2. A partial record of a free falling body showed only the three consecutive points. The distance from the first to the second was 24.25 cm. that from the first to the third was 58.92 cm. The time interval was 1/10. Find the acceleration and the instantaneous speed of the body at the time of the recorded point.
To find the acceleration and instantaneous speed of the body, we can use the equations of motion. Here's how you can calculate it step by step:
Step 1: Calculate the time interval between the first and second points
The time interval is given as 1/10, which represents 1/10th of a second. So, the time interval (t) between the first and second points is:
t = 1/10
Step 2: Calculate the distance covered between the first and second points
The distance between the first and second points is given as 24.25 cm.

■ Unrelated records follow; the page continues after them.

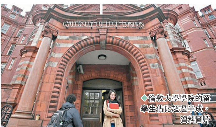
◆倫敦大學學院的留學生佔比超過半數。資料圖片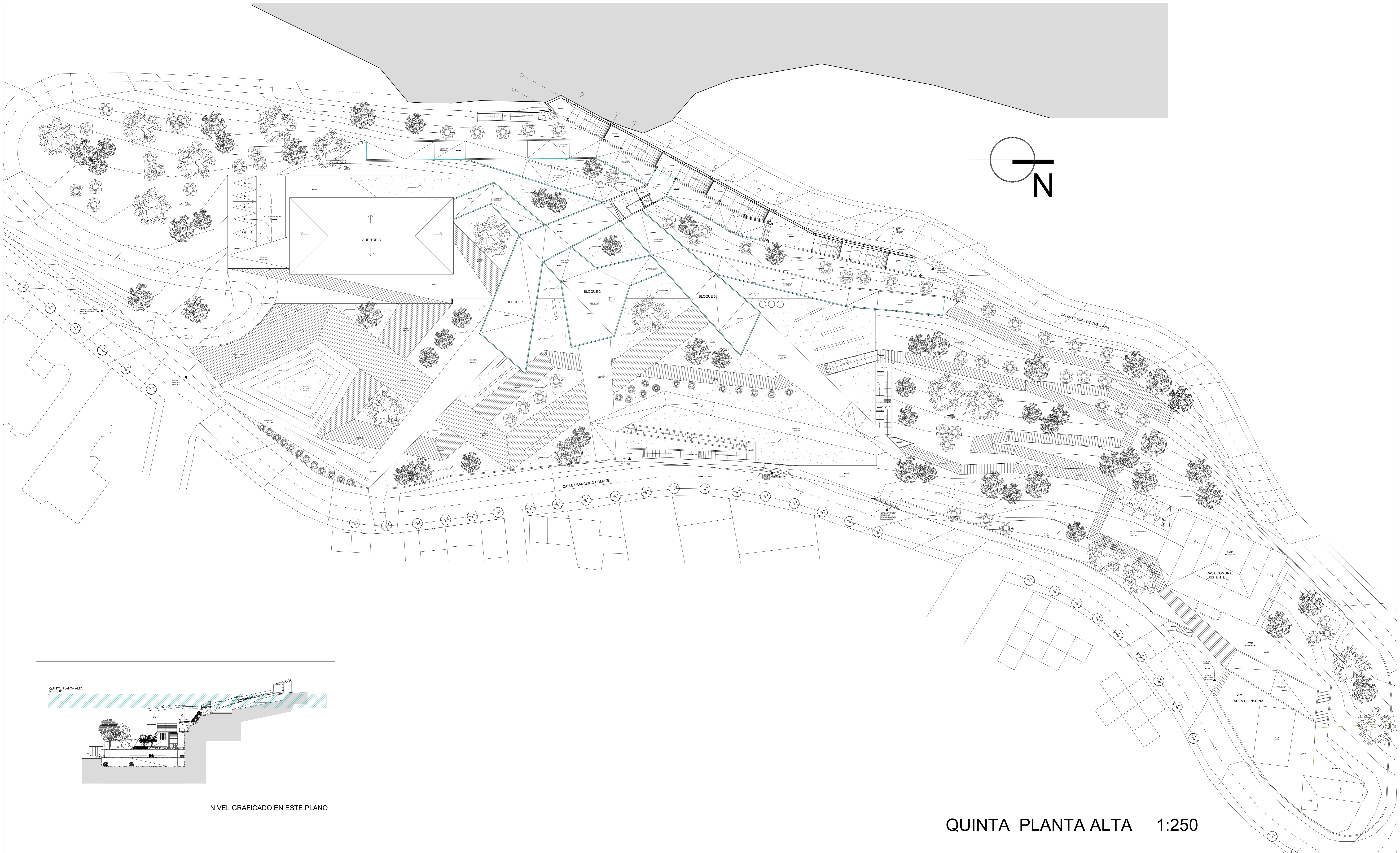
QUINTA PLANTA ALTA 1:250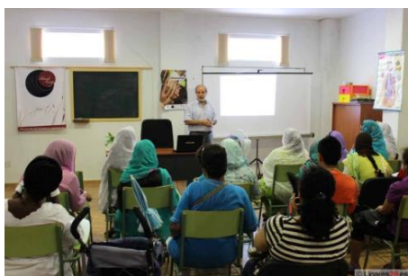
Curso impartido a inmigrantes

Estas actividades se realizan de manera presencial en los locales de FACUA, de Fundación FACUA o en el de otras entidades e instituciones, o por las organizaciones territoriales también en sus locales o en dependencias de las Administraciones públicas, universidades, centros escolares y de diversas entidades sociales, así como también de manera virtual a través de Meet o de otros soportes digitales.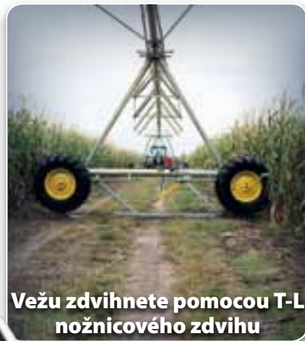
Vežu zdvihnete pomocou T-L nožnicového zdvihu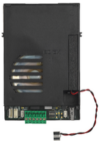
40131 - Audio-Elektronikeinheit 2F+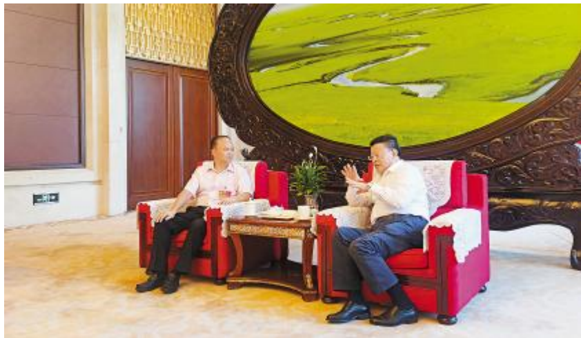
刘汉元主席与孟凡利书记座谈交流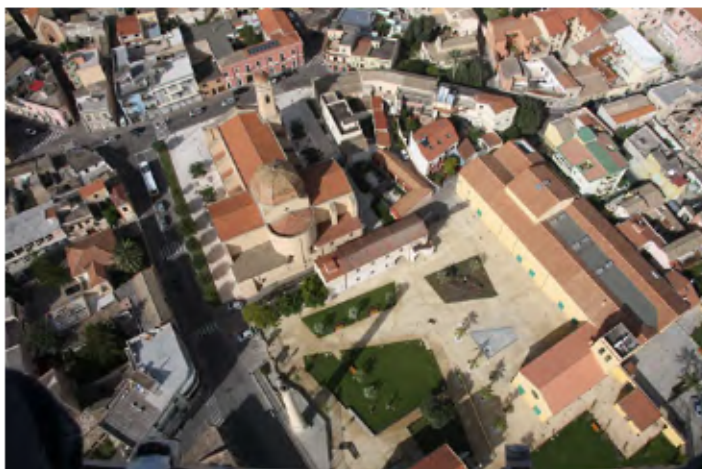
Complesso Si' e Boi

Il Complesso Si' e Boi invece fa parte del sistema delle archeologie industriali (in particolare del sistema del vino, con molteplici episodi di grandi cantine sorte tra '800 e '900 nella cintura dei borghi agricoli cagliaritani).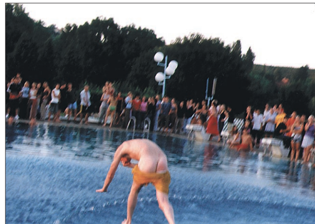
Nekaterim je bilo prevročje celo za kopalke

ljevalni program, ki se je dogajal tako na travi kot v bazenu. Tisti s športnih duhom so se pomerili v odbojki, vlečenju vrvi in skokih v vodo, bolj leni pa so lahko uživali v gledanju kajakašev in potapljačev ter predstavitvi Mito sport kluba. Za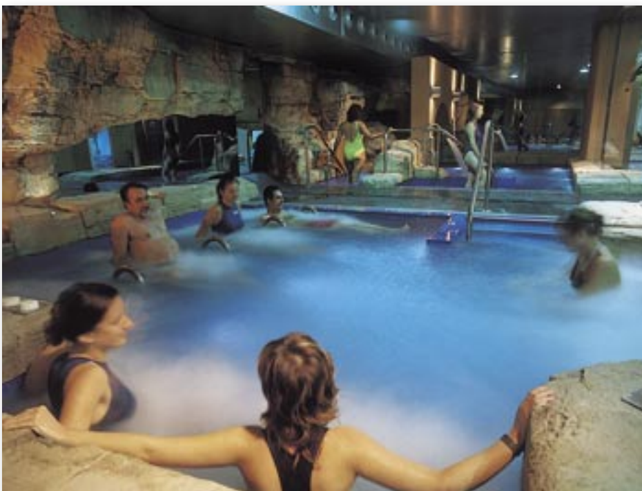
Piscinas termales del SPA.

La demarcación de Valencia ha suscrito un acuerdo con el Spa Calma por el que tanto los colegiados como los empleados del Colegio tendrán un 15% de descuento en el circuito termal y un 10% en el resto de sus servicios. Para ello, las personas interesadas deberán identificarse en el Spa, bien como colegiados o empleados del Colegio de Ingenieros , y realizar su reserva con antelación.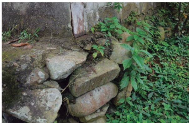
Autor: Freddy Paredes Avilés, 2014.

En la fotografía 8 se aprecia las rocas de los muros ancestrales, utilizadas en el cimiento de la escuela, varios cientos de metros de esta estructura fueron deshechos y reutilizados, y quedan como remanentes la construcción de dos piscinas ancestrales, que, según el doctor Holger Jara, tienen factura inca, su dique no está claramente identificado, puesto que tiene una argamasa que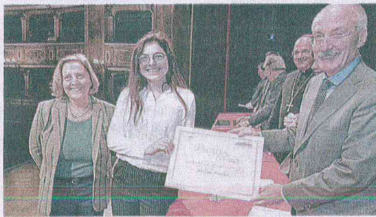
Il presidente della Carifermo Amedeo Grilli premia una studentessa

in un'edizione digitale per dare ugualmente il giusto riconoscimento agli studenti che si sono distinti nel corso degli anni. Oggi dalle 10 saranno premiati i ragazzi e le ragazze che hanno concluso il loro ciclo di studio, secondaria di primo e secondo grado, nell'anno scolastico 2020-2021. I 112 protagonisti con i loro familiari attivano al teatro dell'Aquila da 40 comuni e da 5 province per ottenere il riconoscimento del loro impegno. L'ingegnere Oronzo Mauro, ospite di stamattina racconterà storie di innovatori di ieri e di oggi ai possibili innovatori di domani. Di seguito pubblichiamo i nomi dei ragazzi premiati.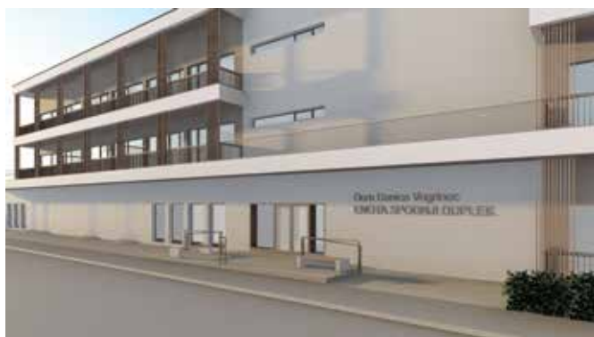
Pogled na severno fasado

Step 3: Calculate the acceleration
The equation to calculate the acceleration (a) is:
a = (2 * (d - v0 * t)) / (t^2)
Where:
d is the distance covered between the first and second points (24.25 cm)
v0 is the initial velocity (0 for a free-falling body)
t is the time interval (1/10)
Since the initial velocity of a free falling body is 0, the equation simplifies to:
a = (2 * d) / (t^2)
Substituting the given values:
a = (2 * 24.25) / ((1/10)^2)
a = 485 / (1/100)
a = 48500 cm/s^2
Therefore, the acceleration of the body is 48500 cm/s^2.
Step 4: Calculate the instantaneous speed
The equation to calculate the instantaneous speed (v) is:
v = v0 + a * t
Substituting the given values:
v = 0 + 48500 * (1/10)
v = 4850 cm/s
Therefore, the instantaneous speed of the body at the time of the recorded point is 4850 cm/s.
So, the acceleration of the body is 48500 cm/s^2 and the instantaneous speed at the recorded point is 4850 cm/s.